Sperm cells, bacteria and other microscopic organisms use varying concentrations of chemicals in their environment – concentration gradients – to approach or avoid something in a process called chemotaxis. Egg cells release an attractant chemical, which lures the sperm. The researchers studied this action in Ascidia – sea squirts, brainless tubular creatures, which are only mobile as larvae.

“We identified that a calcium transport protein – plasma membrane Ca2+ ATPase (PMCA) – has a key role in sperm chemotaxis,” says Yoshida. “PMCA is abundant in the tails or flagella membranes of the ascidian sperm. It binds to the species-specific attractant and alters how the flagella waves, thus directing movement of the sperm cell.”

This figure depicts how University of Tokyo researchers believe sperm cells navigate thanks to PMCA (plasma membrane Ca2+ ATPase) and SAAF (sperm activating and attracting factor). NeuroscienceNews.com image is credited to Manabu Yoshida, The University of Tokyo.

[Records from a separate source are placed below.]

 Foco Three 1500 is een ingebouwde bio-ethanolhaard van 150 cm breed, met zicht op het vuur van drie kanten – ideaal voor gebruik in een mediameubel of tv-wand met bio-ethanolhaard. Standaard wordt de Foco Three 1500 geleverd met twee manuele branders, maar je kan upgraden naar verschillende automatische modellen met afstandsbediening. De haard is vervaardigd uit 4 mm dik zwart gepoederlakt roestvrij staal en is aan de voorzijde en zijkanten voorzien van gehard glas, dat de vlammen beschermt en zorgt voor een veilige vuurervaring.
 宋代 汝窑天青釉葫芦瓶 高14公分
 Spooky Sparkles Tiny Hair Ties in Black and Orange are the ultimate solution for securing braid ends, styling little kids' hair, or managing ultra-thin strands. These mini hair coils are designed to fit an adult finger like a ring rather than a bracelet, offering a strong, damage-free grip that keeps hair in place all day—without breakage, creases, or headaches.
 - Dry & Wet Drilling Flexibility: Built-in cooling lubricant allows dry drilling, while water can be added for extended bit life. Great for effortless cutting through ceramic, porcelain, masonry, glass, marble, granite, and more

The team used a range of techniques to measure the effect they observed. These included a highly selective form of chromatography (separation of mixed compounds by diffusion in a fluid) called affinity column chromatography to isolate the attractant released by the egg; laser-based mass spectrometry, which uses lasers to identify what chemicals are in a sample; a quartz crystal microbalance, a sensitive microscopic weighing scale, to measure samples and how they change; and a high-speed camera to view sperm behavior in slow motion.

“With these methods we also found PMCA is responsible for regulating cellular calcium, whereas it was previously believed PMCA had no role in this,” continues Yoshida. “Now we know PMCA plays an important part in cellular function. It makes it a promising target for drug research.”

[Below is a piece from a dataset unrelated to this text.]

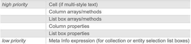 Note that the Meta Info Expression is very low priority. Therefore, if other style settings are defined through expressions in the Property List (i.e., Style Expression, Fornt Color Expression, Background Expression) the style settings made with Meta Info Expression will be ignored.

About this neuroscience research article

Funding: This work was supported by JSPS KAKENHI to MY (grant number 15H04398).

Source: Manabu Yoshida – University of Tokyo
Publisher: Organized by NeuroscienceNews.com.
Image Source: NeuroscienceNews.com image is credited to Manabu Yoshida, The University of Tokyo.
Original Research: Open access research for “Ca2+ efflux via plasma membrane Ca2+-ATPase mediates chemotaxis in ascidian sperm” by Kaoru Yoshida, Kogiku Shiba, Ayako Sakamoto, Jumpei Ikenaga, Shigeru Matsunaga, Kazuo Inaba & Manabu Yoshida in Scientific Reports. Published November 9 2018.
doi:10.1038/s41598-018-35013-2

Cite This NeuroscienceNews.com Article
University of Tokyo”How Sperm Find Their Way.” NeuroscienceNews. NeuroscienceNews, 15 November 2018.
<http://neurosciencenews.com/sperm-navigation-10211/>.
University of Tokyo(2018, November 15). How Sperm Find Their Way. NeuroscienceNews. Retrieved November 15, 2018 from http://neurosciencenews.com/sperm-navigation-10211/
University of Tokyo”How Sperm Find Their Way.” http://neurosciencenews.com/sperm-navigation-10211/ (accessed November 15, 2018).

Abstract

Ca2+ efflux via plasma membrane Ca2+-ATPase mediates chemotaxis in ascidian sperm

When a spermatozoon shows chemotactic behavior, transient [Ca2+]i increases in the spermatozoon are induced by an attractant gradient. The [Ca2+]i increase triggers a series of stereotypic responses of flagellar waveforms that comprise turning and straight-swimming. However, the molecular mechanism of [Ca2+]i modulation controlled by the attractants is not well defined. Here, we examined receptive mechanisms for the sperm attractant, SAAF, in the ascidian, Ciona intestinalis, and identified a plasma membrane Ca2+-ATPase (PMCA) as a SAAF-binding protein. PMCA is localized in sperm flagella membranes and seems to interact with SAAF through basic amino acids located in the second and third extracellular loops. ATPase activity of PMCA was enhanced by SAAF, and PMCA inhibitors, 5(6)-Carboxyeosin diacetate and Caloxin 2A1, inhibited chemotactic behavior of the sperm. Furthermore, Caloxin 2A1 seemed to inhibit efflux of [Ca2+]i in the sperm, and SAAF seemed to competitively reduce the effect of Caloxin 2A1. On the other hand, chemotactic behavior of the sperm was disordered not only at low-Ca2+, but also at high-Ca2+ conditions. Thus, PMCA is a potent candidate for the SAAF receptor, and direct control of Ca2+ efflux via PMCA is a fundamental mechanism to mediate chemotactic behavior in the ascidian spermatozoa.